WORK ITEM ->
Find the line containing "neefektivním výdajům na" in the entries below. Reproduce that line and each one after it to the end, exactly, with no other lines.

ENTRIES SHOWN ->
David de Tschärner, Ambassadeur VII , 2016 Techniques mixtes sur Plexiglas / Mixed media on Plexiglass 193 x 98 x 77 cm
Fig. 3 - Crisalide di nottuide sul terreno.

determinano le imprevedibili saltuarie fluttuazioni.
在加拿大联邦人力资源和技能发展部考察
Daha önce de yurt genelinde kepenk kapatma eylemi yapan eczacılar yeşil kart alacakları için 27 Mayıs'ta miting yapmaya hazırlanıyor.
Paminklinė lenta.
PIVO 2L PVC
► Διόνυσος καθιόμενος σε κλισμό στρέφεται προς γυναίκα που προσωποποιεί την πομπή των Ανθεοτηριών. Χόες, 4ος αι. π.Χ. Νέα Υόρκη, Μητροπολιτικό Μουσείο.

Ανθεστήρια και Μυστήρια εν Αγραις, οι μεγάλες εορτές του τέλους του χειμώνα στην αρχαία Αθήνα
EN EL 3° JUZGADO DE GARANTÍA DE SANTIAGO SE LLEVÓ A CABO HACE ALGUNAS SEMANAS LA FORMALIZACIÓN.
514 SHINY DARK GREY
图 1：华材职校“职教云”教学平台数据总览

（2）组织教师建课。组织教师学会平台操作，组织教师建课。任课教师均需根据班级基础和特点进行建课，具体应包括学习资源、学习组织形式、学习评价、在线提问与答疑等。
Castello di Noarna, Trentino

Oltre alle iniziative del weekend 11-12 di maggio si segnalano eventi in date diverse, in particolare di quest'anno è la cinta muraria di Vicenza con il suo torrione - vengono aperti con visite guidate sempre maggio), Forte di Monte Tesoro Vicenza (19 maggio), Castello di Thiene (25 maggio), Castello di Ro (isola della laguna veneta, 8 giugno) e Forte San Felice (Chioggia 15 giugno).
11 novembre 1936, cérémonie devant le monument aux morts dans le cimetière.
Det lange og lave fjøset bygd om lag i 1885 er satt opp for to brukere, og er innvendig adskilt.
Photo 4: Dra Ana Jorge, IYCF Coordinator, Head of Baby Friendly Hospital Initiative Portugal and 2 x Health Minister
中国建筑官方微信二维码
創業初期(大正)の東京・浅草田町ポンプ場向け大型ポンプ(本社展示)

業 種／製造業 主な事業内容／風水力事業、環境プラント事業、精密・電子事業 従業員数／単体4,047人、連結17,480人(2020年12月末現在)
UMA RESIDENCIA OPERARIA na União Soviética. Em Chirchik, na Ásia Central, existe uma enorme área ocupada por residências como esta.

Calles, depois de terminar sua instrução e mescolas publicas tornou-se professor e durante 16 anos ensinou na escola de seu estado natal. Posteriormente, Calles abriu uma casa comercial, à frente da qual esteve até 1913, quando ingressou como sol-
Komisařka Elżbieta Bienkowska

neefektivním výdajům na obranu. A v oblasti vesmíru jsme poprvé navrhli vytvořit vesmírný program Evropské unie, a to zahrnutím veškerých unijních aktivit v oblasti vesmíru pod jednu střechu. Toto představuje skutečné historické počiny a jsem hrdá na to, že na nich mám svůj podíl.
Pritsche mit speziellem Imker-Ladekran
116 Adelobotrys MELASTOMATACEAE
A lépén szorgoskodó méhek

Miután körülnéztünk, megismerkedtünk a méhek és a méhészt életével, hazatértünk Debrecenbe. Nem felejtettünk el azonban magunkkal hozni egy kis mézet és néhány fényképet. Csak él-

OUTPUT OF THE TASK ->
neefektivním výdajům na obranu. A v oblasti vesmíru jsme poprvé navrhli vytvořit vesmírný program Evropské unie, a to zahrnutím veškerých unijních aktivit v oblasti vesmíru pod jednu střechu. Toto představuje skutečné historické počiny a jsem hrdá na to, že na nich mám svůj podíl.
Pritsche mit speziellem Imker-Ladekran
116 Adelobotrys MELASTOMATACEAE
A lépén szorgoskodó méhek

Miután körülnéztünk, megismerkedtünk a méhek és a méhészt életével, hazatértünk Debrecenbe. Nem felejtettünk el azonban magunkkal hozni egy kis mézet és néhány fényképet. Csak él-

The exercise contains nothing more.